Рево схватился за голову:
— Ох, демон! С Эбре Хельменфельд был неразлучен, а вот с ди Эрном... — Он задохнулся от волнения. — В брата барона ди Эрн была влюблена сеньора Годелива — об этом весь двор знает!
— Её наказали?
— Нет. Хельменфельд простил жену и уговорил государя не причинять ей зла.
Энгерранд понимающе усмехнулся:
— Ну конечно! Не захотел наживать себе такого влиятельного врага, как королевский любимец. Верно поступил. Только об одном не подумал: если жена знает о магическом медальоне, она непременно разболтает обо всём любовнику.
— Значит...
— ...барон ди Эрн мог убить камергера, чтобы завладеть артефактом.
Рево прикрыл рот ладонью. Пусть молодой человек и жил при дворе много лет, он даже мысли не допускал, что один из аристократов осмелится поднять руку на другого, чтобы завладеть вещицей пусть и ценной, но всё же, как думалось Фердинанду, не идущей ни в какое сравнение с человеческой жизнью. Разве нельзя заплатить сотню-другую денариев какому-нибудь магу? Тот вмиг состряпал бы полдесятка артефактов!
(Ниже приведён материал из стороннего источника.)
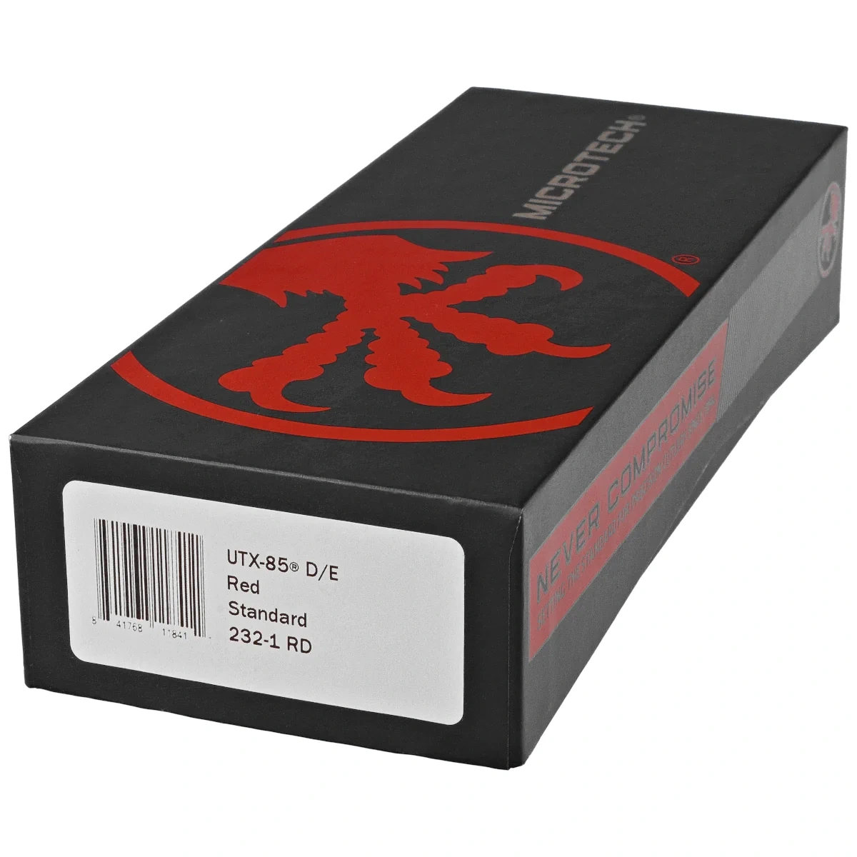 - UTX-85 D/E Red Aluminum, Black is a compact OTF automatic knife from the UTX-85 series. Designed for EDC applications, it retains all the advantages of larger models. Operating in D/A mode, it features a fast blade extension mechanism.
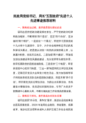 民政局党组书记、局长“五型政府”先进个人先进事迹推荐材料

— Не печалься, — попробовал утешить друга Энгерранд. — Это ведь лишь мои догадки. Я пытаюсь понять, зачем злодей поднял руку на барона Хельменфельда и не он ли убил заодно и герцога Эстерского. Согласись, найдётся очень мало людей, способных бросить вызов столь могущественным сеньорам, поэтому есть все основания считать, что записи в книгах жизней барона и герцога оборвались по вине одного и того же человека... Понимаю, ты глядишь на Эрна и думаешь: "Как такой дурачок мог убить стольких людей?" Твоя правда, он совсем не похож на головореза. Но, во-первых, мы всё же не в каком-нибудь захолустье, а при дворе, и здесь, уверен, многие нежные ручки — и женские ничуть не меньше мужских — выпачканы в крови. И если даже сам сеньор сидит дома и попивает вино, кто поручится, что один из врагов его в это время не корчится в предсмертной судороге? Почему бы барону не шепнуть пару слов королям кинжала и шпаги, чтобы те немного размялись? Кто же откажет себе в удовольствии засадить клинок в тушу жирного придворного да ещё и получить за это награду?.. Во-вторых, если сам Эрн и не замышлял злодейства, язык его может быть куда острее меча. Сеньора Годелива сболтнула лишнего любовнику, тот — братцу, братец рассказал обо всём какому-нибудь знакомому, ну а знакомый быстро смекнул: если я убью Хельменфельда, тупоголовые ищейки, пронюхав, что у камергера был медальон, решат, будто сеньора Годелива вместе с любовником — да, пожалуй, и с самим Эрном в придачу — пожелала завладеть драгоценным артефактом. Несчастных тащат в темницу, подвешивают к потолку, жгут калёным железом, ломают рёбра — и "злодеи" сознаются в своих преступлениях. "Убийцы" найдены — двор счастлив. А тот, кого следовало отправить на эшафот, жив-живёхонек. Разгуливает на свободе и придумывает новые козни. Так-то!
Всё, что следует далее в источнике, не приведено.